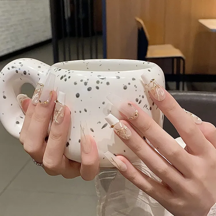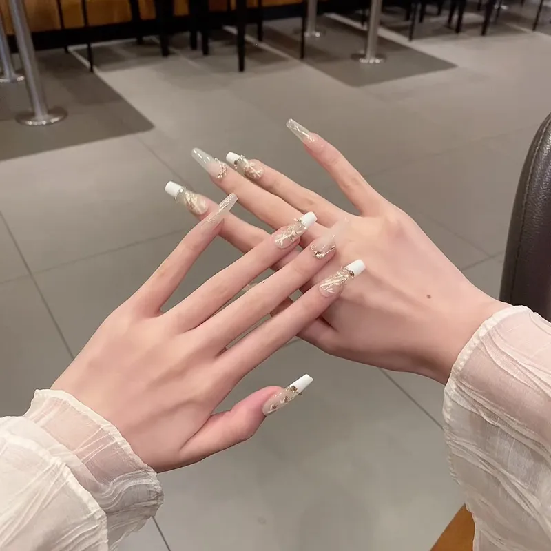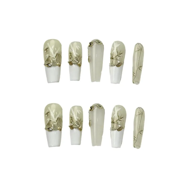 XIBI Новый китайский стиль Золотой Stamped Бамбук False Nail Короткий LADDER Китайский стиль 15 мм
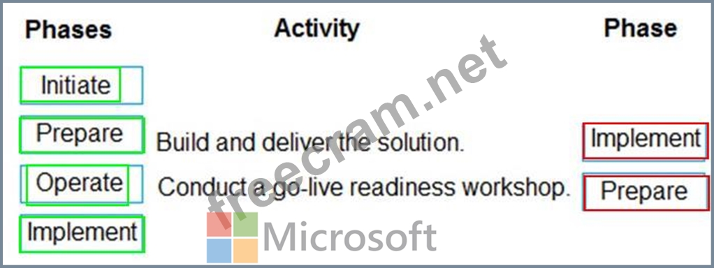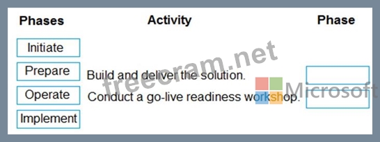 In which phase is the activity performed? To answer, drag the appropriate phases to the correct activities. Each phase may be used once, more than once, or not at all. You may need to drag the split bar between panes or scroll to view content.
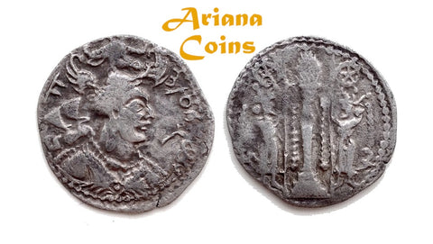 25.90mm 3.21gm. Ghazna mint. Bust right with winged bull's head crown / Fire altar with attendants wheel symbols in fields. Göbl Dokumente Em. 222/I Alram Atti dei Convegni Lincei 127 (1996) 69.
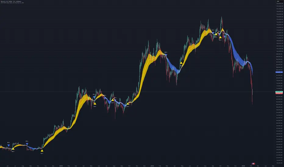 Trend following EMA ribbons. Center line changes color based on ATR in relation to trend. Undecided trend plotted in light grey. Inspired by a modified MACD and Larsson Line ribbon.
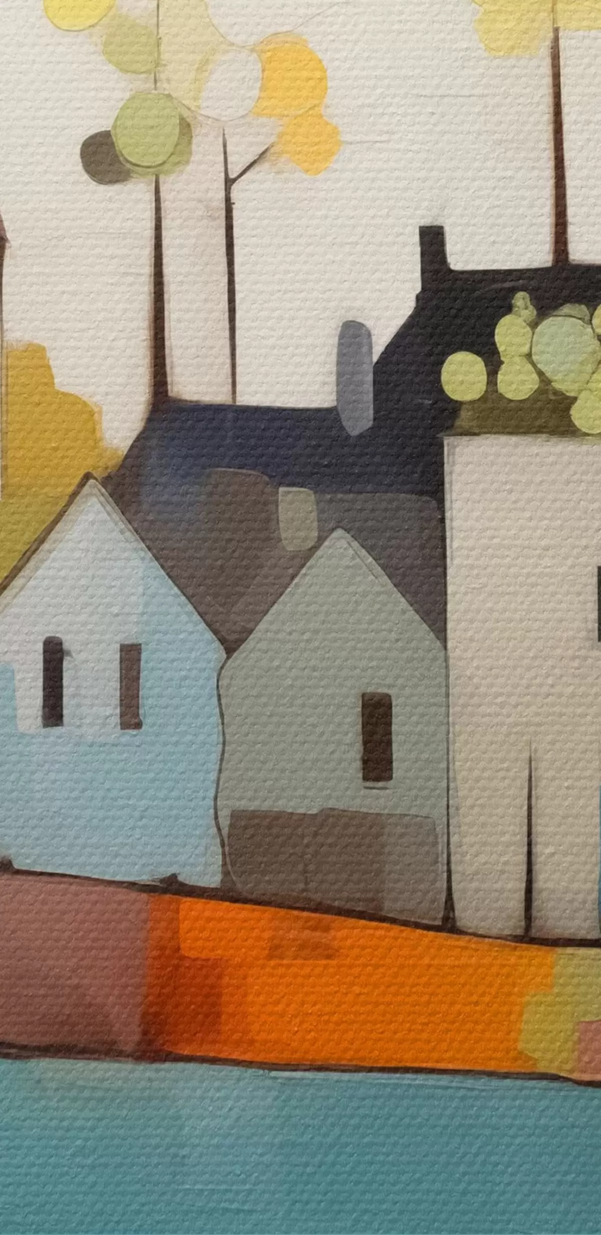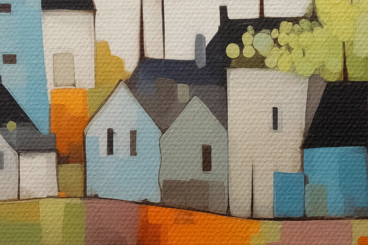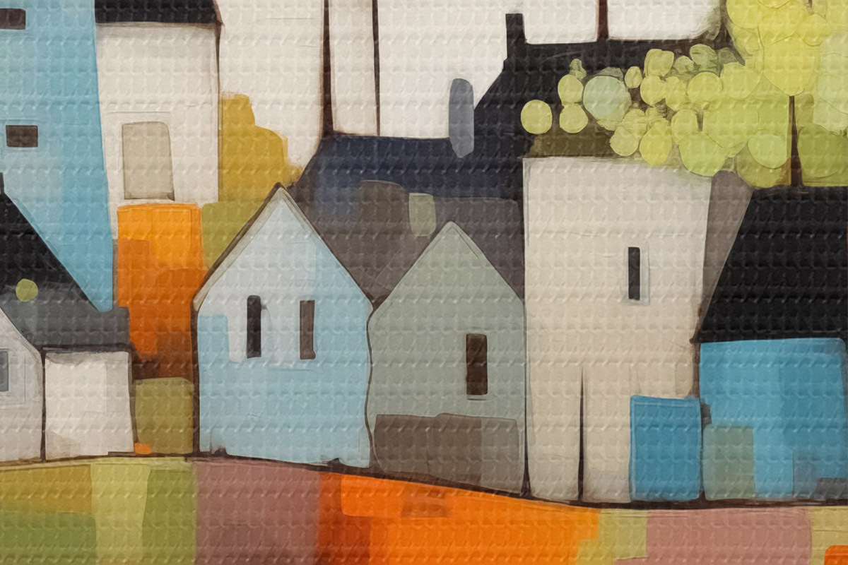 Afbeelding Abstracte stad en huizen, blauwe, gele, rode kleuren Nr r40751

============

• Task brief
Once the images are dropped, set down the remaining material word for word.

• Result below
 XIBI Новый китайский стиль Золотой Stamped Бамбук False Nail Короткий LADDER Китайский стиль 15 мм
 In which phase is the activity performed? To answer, drag the appropriate phases to the correct activities. Each phase may be used once, more than once, or not at all. You may need to drag the split bar between panes or scroll to view content.
 25.90mm 3.21gm. Ghazna mint. Bust right with winged bull's head crown / Fire altar with attendants wheel symbols in fields. Göbl Dokumente Em. 222/I Alram Atti dei Convegni Lincei 127 (1996) 69.
 Trend following EMA ribbons. Center line changes color based on ATR in relation to trend. Undecided trend plotted in light grey. Inspired by a modified MACD and Larsson Line ribbon.
 Afbeelding Abstracte stad en huizen, blauwe, gele, rode kleuren Nr r40751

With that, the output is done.